All nine judges gave it to Browning after a near-faultless
programme in which he became Humphrey Bogart in the film Casablanca,
dinner-jacket, cigarette and all. It demanded great concentration but
he packed in the jumps nevertheless, two of them triple axels. His
triple lutz was landed two-footed but done so fast that it was soon
forgotten in the pure pleasure that followed.
The Russian, Aleksei Urmanov, a possible threat, turned an
ambitious quadruple toe-loop, a new one for him, forward. Stajko
avoided such pitfalls but his eight three-rotation jumps, all cleanly
delivered, lifted him above the Russian into second spot.
Disappointing was Mark Mitchell, of the United States, who models
himself on John Currie. In second place overnight, he failed to hold
his triple axel landing and reduced the flip to a double.
For Britain's Steven Cousins it was a disappointing night too. His
triple axel was two-footed and he also sprawled on a triple flip,
demoting him five places to eighteenth.
The dance contest saw the favourites, Maya Usova and Aleksandr
Zhulin, consolidating their lead after the original Viennese waltz,
ahead of their colleagues, Oksana Grishchuk and Yevgeniy Platov.
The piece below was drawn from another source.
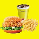 Spicy chicken patty topped with fresh ingredients, served with crispy fries and a soda. (For ref only)

With
Angelika Krylova and Vladimir Fyodorov climbing above the Finns,
Susanna Rahkamo and Petri Kokko, a Russian whitewash looks possible in
today's closing free dance.
RESULTS: Men's final: 1, K Browning (Can), 1.5pts; 2, E Stojko
(Can), 4.5; 3, A Urmanov (Russ), 4.5; 4, M Mitchell (US), 6.0; 5, P
Candeloro (Fr), 8.0; 6, S Davis (US), 9.5.